Tiffany is saved and her romance with Bond works better than any others in the series thus far, even Vesper, because she actually has a personality. Her and Bond fit together well and they bounce off one another. Their discussions, whether during romantic dinners or in the midst of action, are quippy and fun and actually reveal things about the characters. Case’s fiery nature coming from her past trauma is problematic however and it’s a shame Fleming hasn’t yet written an engaging female character without relying on such things. Tiffany disappears in the final chapter with an offhand mention of her being at Bond’s flat. Given the importance Bond places on his relationship with her I hope she isn’t immediately discarded between books. I doubt Tiffany will appear again but at least some mention of her I feel is necessary.

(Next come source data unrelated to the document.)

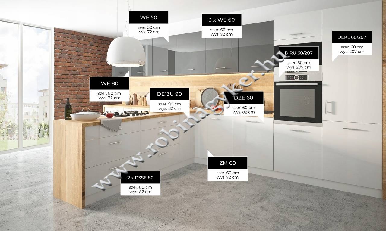 – Rendelhető kiegészítők: munkalap, munkalap összekötők/-fordítók/-végzárók, mosogató medence, csaptelep, külön fogantyúk, világítás, evőeszköz tartó az evőeszközös fiókba, felső elemek felrögzítéséhez fali szerelő sín. Ezen termékek rendelési feltételeiről minden esetben ügyfélszolgálatunkon, vagy a robi@robinagyker.hu E-mail címen tud felvilágosítást kérni.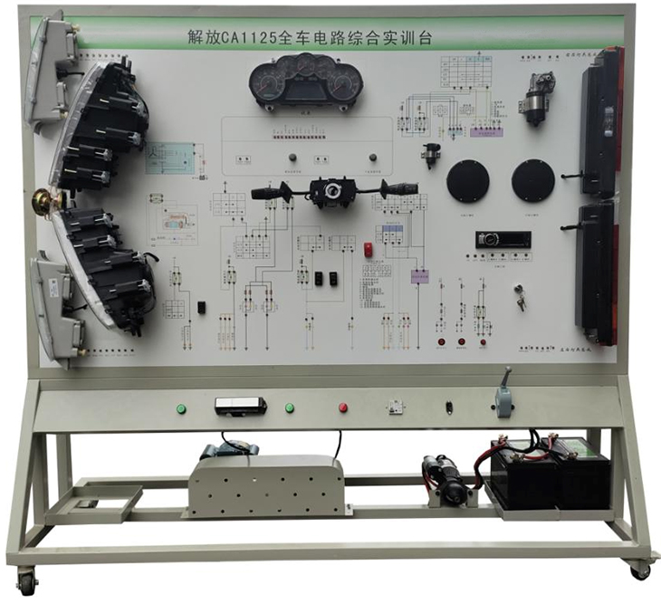 解放CA1125全車電路綜合實訓設備采用解放CA1125J柴油機整車電器實物為基礎,充分展示汽車儀表系統(tǒng)、燈光系統(tǒng)、雨刮系統(tǒng)、喇叭系統(tǒng)、發(fā)動機電器系統(tǒng)、起動系統(tǒng)和充電系統(tǒng)等汽車電器各系統(tǒng)的組成結構和工作過程。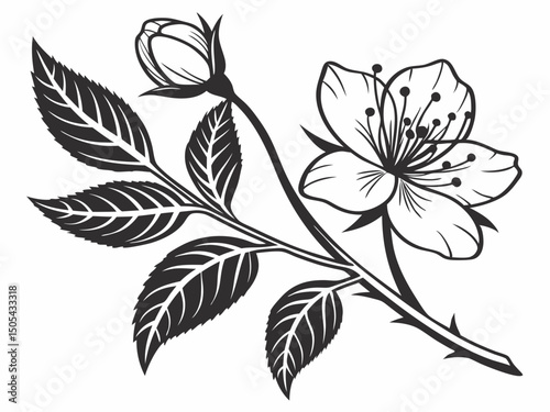flower, floral, blossom, bloom, bud, tree branch, leaf, stem, ink, vector, vignetting, drawing, outline, monochrome, black, white, minimalist, elegant, vintage, ornate, botanical, nature, graphic, illustration, design, art, aesthetic, decor, decoration, tattoo, symbol, element, craft, hand-made, hand-drawn, engraved, natural, wild, organic, foliage, plant, garden, spring
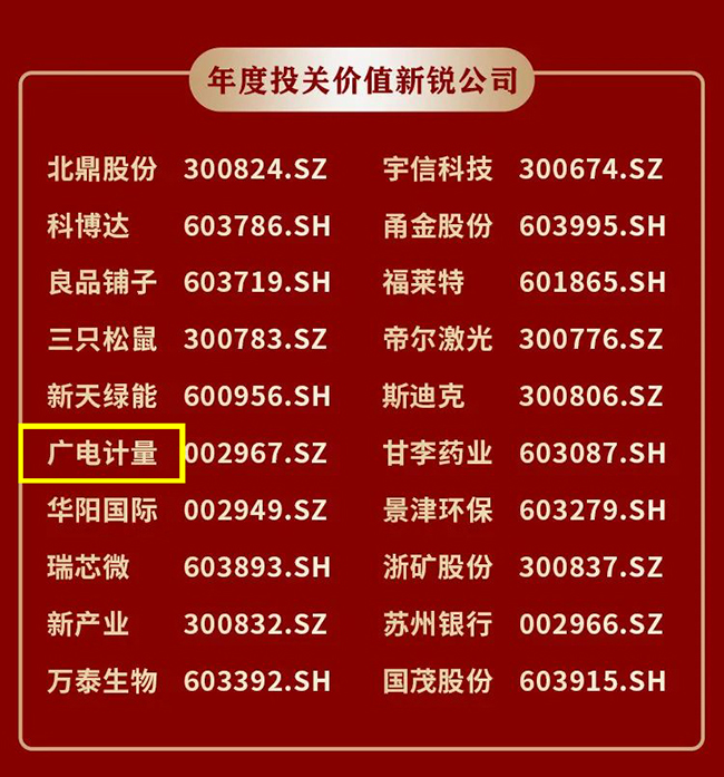 12月8日,由中國基金報聯合權威投關平臺機會寶共同舉辦的首屆中國上市公司投關價值經綸獎評選榜單揭曉。憑借公司治理、信息披露和投資者關系管理等工作方面的優異表現,廣電計量榮膺年度投關價值新銳公司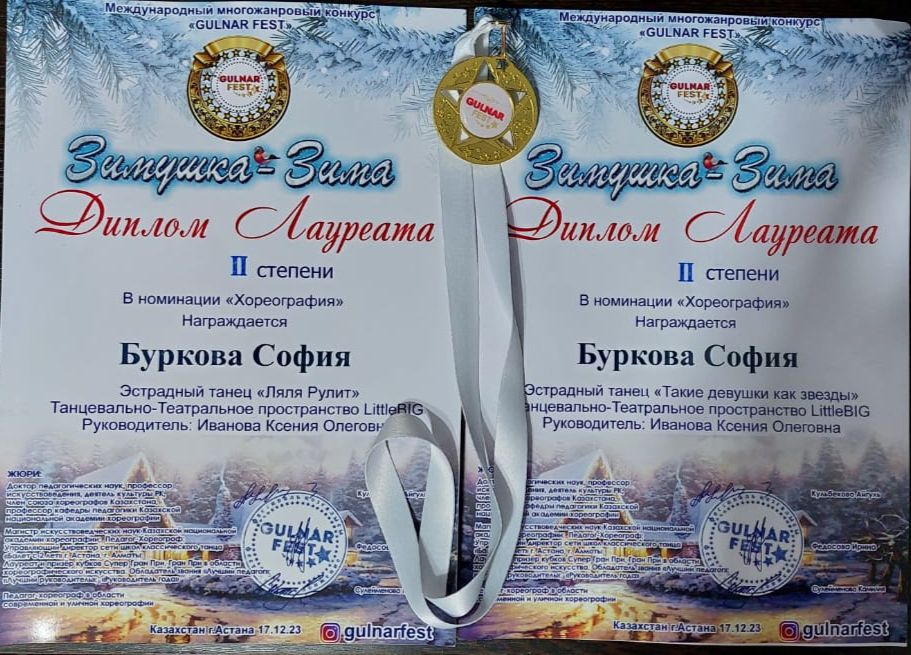 Международный многожанровый конкурс "GULNAR FEST" прошёл в г. Астана в преддверии Нового 2024 года. Учащаяся 2 "Г" класса Буркова София награждена Дипломами II степени в номинаци…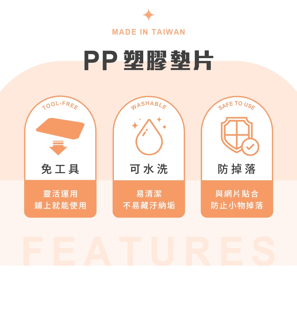 ✦ 耐磨耐用! 採用優質PP材質,質輕強韌、使用更長久。

Diamonds Are Forever is the most inconsistent James Bond novel I’ve read so far. It begins with a terrific pace and is extremely readable despite feeling totally vacuous, before becoming a dull slog in the middle. Thankfully the final third or so is fantastic, finally exploring Bond as a character and offering some of the best action and thrills of the series, but it feels like too little too late. While the novel initially struggles to find a theme, in the end it focuses on death and Bond’s begrudging acceptance of it as part of his job. We’ve never seen him so violent; he kills 6 people over the course of the novel. Diamonds may be forever but Bond comes to understand that their permanence is not exclusive. Death shares the same trait.